--- DATA SUPPLIED Enclosed Below ---

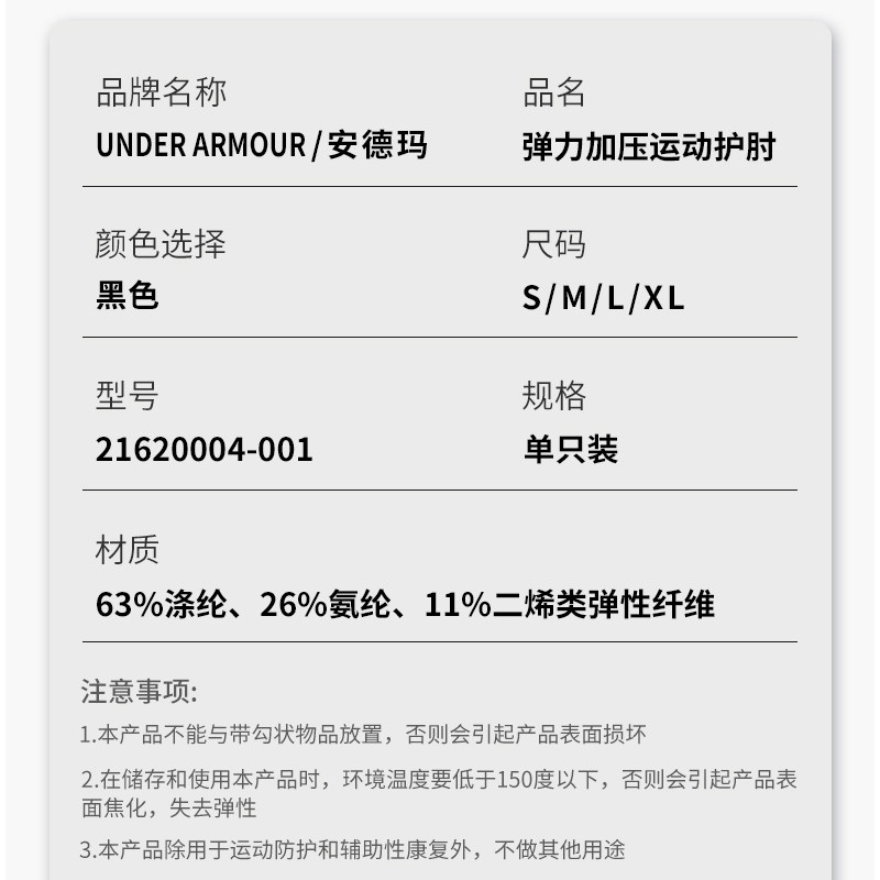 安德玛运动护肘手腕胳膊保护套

--- End of Enclosed DATA SUPPLIED ---
--- DATA SUPPLIED Enclosed Below ---

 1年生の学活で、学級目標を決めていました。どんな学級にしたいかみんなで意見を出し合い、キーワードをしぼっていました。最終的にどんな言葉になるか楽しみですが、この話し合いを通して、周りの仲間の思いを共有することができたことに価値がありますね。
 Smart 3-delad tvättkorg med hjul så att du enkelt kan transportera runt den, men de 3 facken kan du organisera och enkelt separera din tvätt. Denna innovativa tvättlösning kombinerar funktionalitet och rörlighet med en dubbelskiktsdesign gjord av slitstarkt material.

--- End of Enclosed DATA SUPPLIED ---

*YOUR ASSIGNMENT*
Starting at the line that has "1年生の学活で、学級目標を決" in the records above, restate word for word every line until the one that has "Smart 3-delad tvättkorg", and include that one as well.

*WRITTEN REPLY*
 1年生の学活で、学級目標を決めていました。どんな学級にしたいかみんなで意見を出し合い、キーワードをしぼっていました。最終的にどんな言葉になるか楽しみですが、この話し合いを通して、周りの仲間の思いを共有することができたことに価値がありますね。
 Smart 3-delad tvättkorg med hjul så att du enkelt kan transportera runt den, men de 3 facken kan du organisera och enkelt separera din tvätt. Denna innovativa tvättlösning kombinerar funktionalitet och rörlighet med en dubbelskiktsdesign gjord av slitstarkt material.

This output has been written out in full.